• **Required work**: Leave the pictures aside. Retype exactly the lines from the top of the data below through the one holding "吹奏楽部が中庭でミニコンサー".

[Excerpted data Boundary: Start]

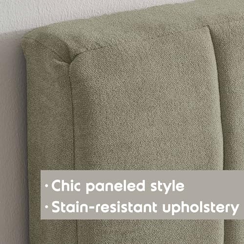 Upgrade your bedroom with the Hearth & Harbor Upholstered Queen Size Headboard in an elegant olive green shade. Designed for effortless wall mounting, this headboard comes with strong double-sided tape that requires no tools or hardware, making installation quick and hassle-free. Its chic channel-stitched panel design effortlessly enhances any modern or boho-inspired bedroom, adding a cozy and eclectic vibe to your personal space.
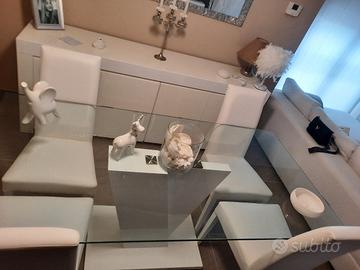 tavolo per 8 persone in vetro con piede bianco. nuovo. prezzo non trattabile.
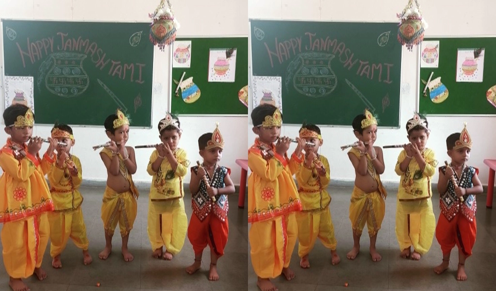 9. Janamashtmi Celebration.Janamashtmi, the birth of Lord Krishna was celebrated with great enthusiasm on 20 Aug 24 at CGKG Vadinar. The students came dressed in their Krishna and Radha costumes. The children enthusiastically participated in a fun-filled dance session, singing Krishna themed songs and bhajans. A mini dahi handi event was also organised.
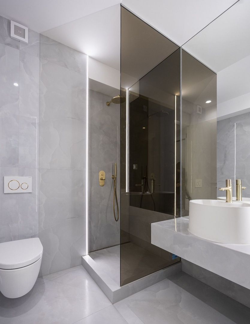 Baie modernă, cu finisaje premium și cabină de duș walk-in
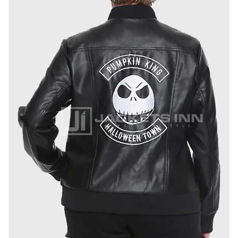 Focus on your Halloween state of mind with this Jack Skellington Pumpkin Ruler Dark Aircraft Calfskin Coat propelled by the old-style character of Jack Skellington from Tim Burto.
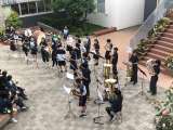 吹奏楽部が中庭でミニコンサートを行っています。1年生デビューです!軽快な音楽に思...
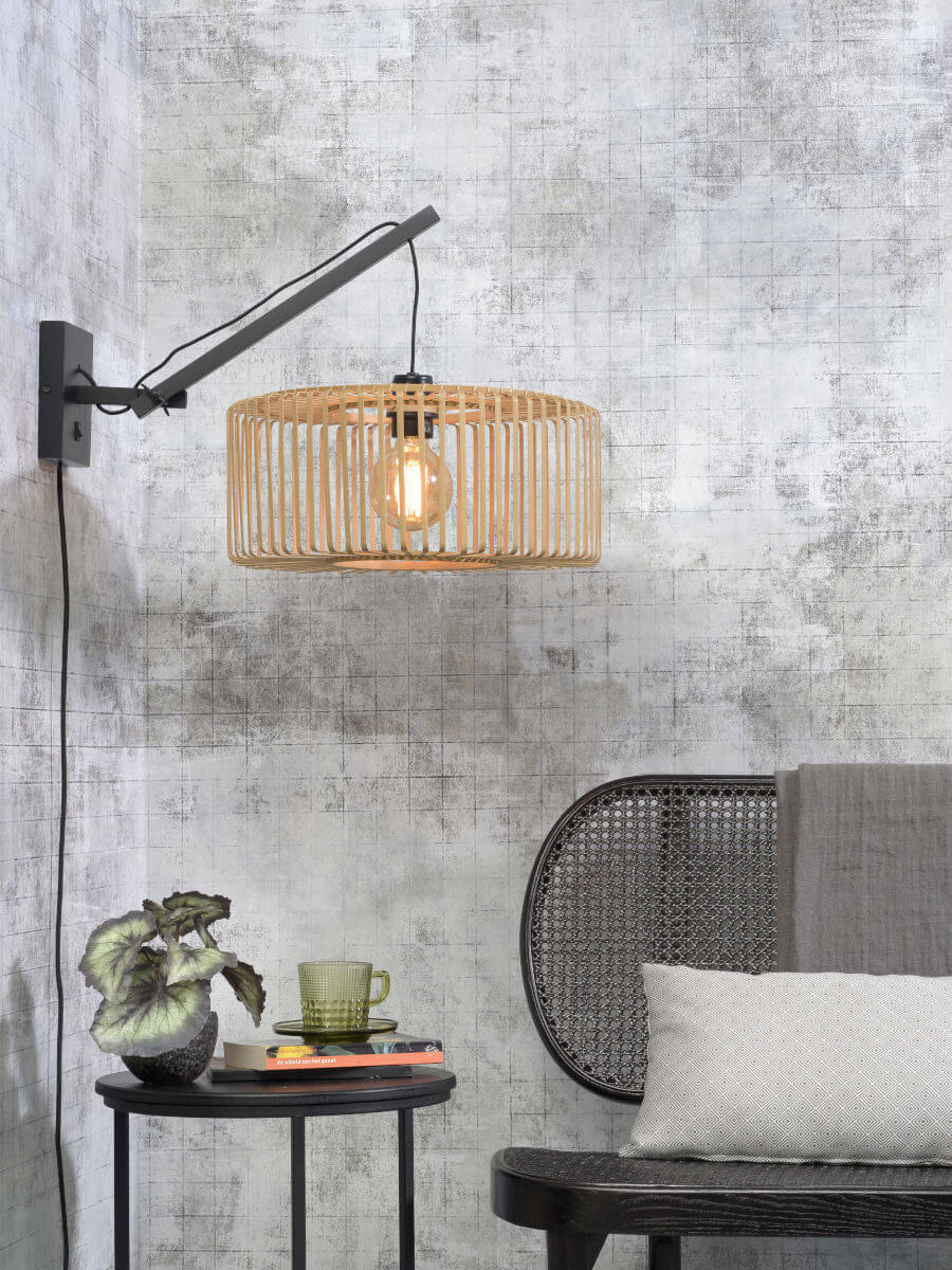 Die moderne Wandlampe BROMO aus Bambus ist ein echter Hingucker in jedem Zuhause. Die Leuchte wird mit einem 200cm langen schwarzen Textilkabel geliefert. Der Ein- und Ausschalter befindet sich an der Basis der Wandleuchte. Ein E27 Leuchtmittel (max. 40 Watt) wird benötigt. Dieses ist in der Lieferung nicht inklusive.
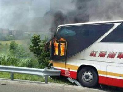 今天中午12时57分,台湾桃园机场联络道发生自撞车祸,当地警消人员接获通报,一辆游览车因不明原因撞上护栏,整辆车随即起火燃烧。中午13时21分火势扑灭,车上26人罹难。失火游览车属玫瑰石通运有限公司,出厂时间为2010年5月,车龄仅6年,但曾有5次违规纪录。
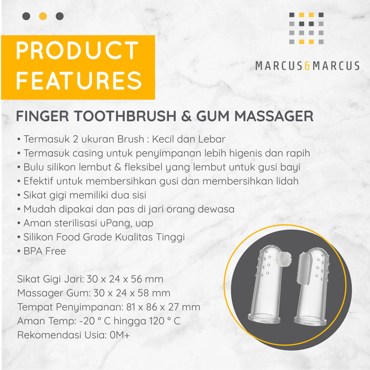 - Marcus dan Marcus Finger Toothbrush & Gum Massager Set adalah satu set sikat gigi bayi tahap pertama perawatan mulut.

[Excerpted data Boundary: End]

• **Answer to the problem**:
 Upgrade your bedroom with the Hearth & Harbor Upholstered Queen Size Headboard in an elegant olive green shade. Designed for effortless wall mounting, this headboard comes with strong double-sided tape that requires no tools or hardware, making installation quick and hassle-free. Its chic channel-stitched panel design effortlessly enhances any modern or boho-inspired bedroom, adding a cozy and eclectic vibe to your personal space.
 tavolo per 8 persone in vetro con piede bianco. nuovo. prezzo non trattabile.
 9. Janamashtmi Celebration.Janamashtmi, the birth of Lord Krishna was celebrated with great enthusiasm on 20 Aug 24 at CGKG Vadinar. The students came dressed in their Krishna and Radha costumes. The children enthusiastically participated in a fun-filled dance session, singing Krishna themed songs and bhajans. A mini dahi handi event was also organised.
 Baie modernă, cu finisaje premium și cabină de duș walk-in
 Focus on your Halloween state of mind with this Jack Skellington Pumpkin Ruler Dark Aircraft Calfskin Coat propelled by the old-style character of Jack Skellington from Tim Burto.
 吹奏楽部が中庭でミニコンサートを行っています。1年生デビューです!軽快な音楽に思...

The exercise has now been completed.